Matt bleibt seit dieser Nacht verschwunden. Seine Freunde und Riley sind in großer Sorge und Stück für Stück beginnt die labile junge Frau, das Rätsel um die Spieluhr zu entwirren. Bei ihren Recherchen stößt sie auch auf Voight und dessen Anwesen, doch da ist die Hölle bereits entfesselt. Und einmal gerufen, lassen deren Bewohner so schnell nicht von ihrem Ziel ab.
Pacing aus der HÖLLE!
Davon abgesehen, dass „Hellraiser: Das Schloss zur Hölle“ (für den geistreichen Nebentitel sollte es einen Schlag in den Nacken setzen!) mir gut zwei Stunden Laufzeit locker eine halbe zu lang ist, krankt es dem Reboot an Rhythmus. Passiert während der ersten Hälfte erschreckend wenig, wird speziell in Richtung Finale die Schraube angezogen. Hier bekommen die Zuschauer dann auch endlich mehr von den Zenobiten geboten. Vorher plätschert der Film so dahin und legt den Fokus vor allem auf Riley, gespielt von der Newcomerin Odessa A‘zion.
Allerdings nervt ihre Figur ohne Ende, was schon mal einem K.O.-Kriterium gleichkommt, wenn ich mit einem Hauptcharakter mitfühlen soll. High, verlottert und ständig angepisst, stößt sie alles und jedem vor den Kopf, wenn sie nicht mit Heulen, Fluchen oder hysterischem Gekreische beschäftigt ist. Wo ist ein fucking Zenobit, wenn man mal einen braucht… Jedenfalls hätte mir ihr Schicksal egaler nicht sein können. Ihre Suchtprobleme stehen im Vordergrund, während die LeMarchand-Puzzlebox das tut, was sie immer macht: darauf warten, dass ein Dämlack an ihr herumfingert und damit Nachschub für die Hölle herankarrt. Das passiert natürlich ständig, da der stotternde Story-Motor irgendwie in Schwung kommen muss.

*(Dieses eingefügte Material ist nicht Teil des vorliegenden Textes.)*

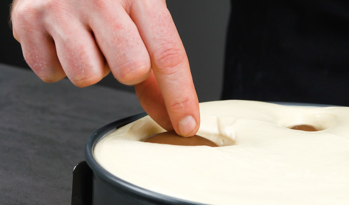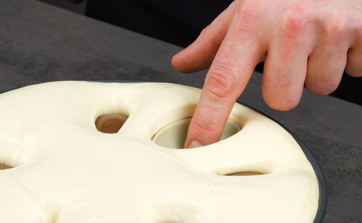5.) Drücke die gefüllten Ü-Eier in die Frischkäse-Masse in der Springform.
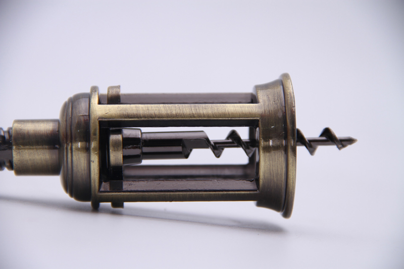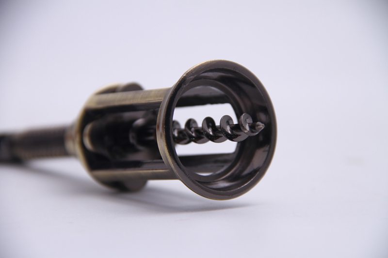 இந்த ஒயின் ஓப்பனர் வழக்கமான டிசைன்களில் இருந்து ஒரு தனித்துவமான விலகலை வழங்குகிறது, இதில் இரண்டு தனித்துவமான கூறுகள் உள்ளன: அதன் பழங்கால பித்தளை பாட்டினா பூச்சு மற்றும் சுழல் வடிவ கார்க்-இழுக்கும் பொறிமுறை. வயதான மேற்பரப்பு காலமற்ற கைவினைத்திறனைத் தூண்டுகிறது, அதே நேரத்தில் புதுமையான சுழல் வடிவமைப்பு சிரமமற்ற மற்றும் நேர்த்தியான அன்கார்க்கிங்கை உறுதி செய்கிறது.

Im späteren Verlauf gibt es noch einen ganz netten Twist, doch da ist der Zug schon halbwegs aus dem Bahnhof zur Schmerz-Dimension raus.
Stärken
Es gibt aber auch durchaus Positives zu vermelden. Zu meiner großen Überraschung waren es ausgerechnet die frischen Zenobiten, die den Film aus dem Sumpf der unnötigen Reboots ziehen. Die ursprünglichen SM-Anlehnungen der Forschungsreisenden in die weiten Regionen der menschlichen Erfahrungen hat man zwar weitestgehend über Bord geworfen, doch Body-Horror steht noch immer auf der Tageskarte von Pinhead & Co. Dann wird es auch mal saftig und einige Szenen tuen schon beim Hinsehen weh. Optisch sehr gelungen.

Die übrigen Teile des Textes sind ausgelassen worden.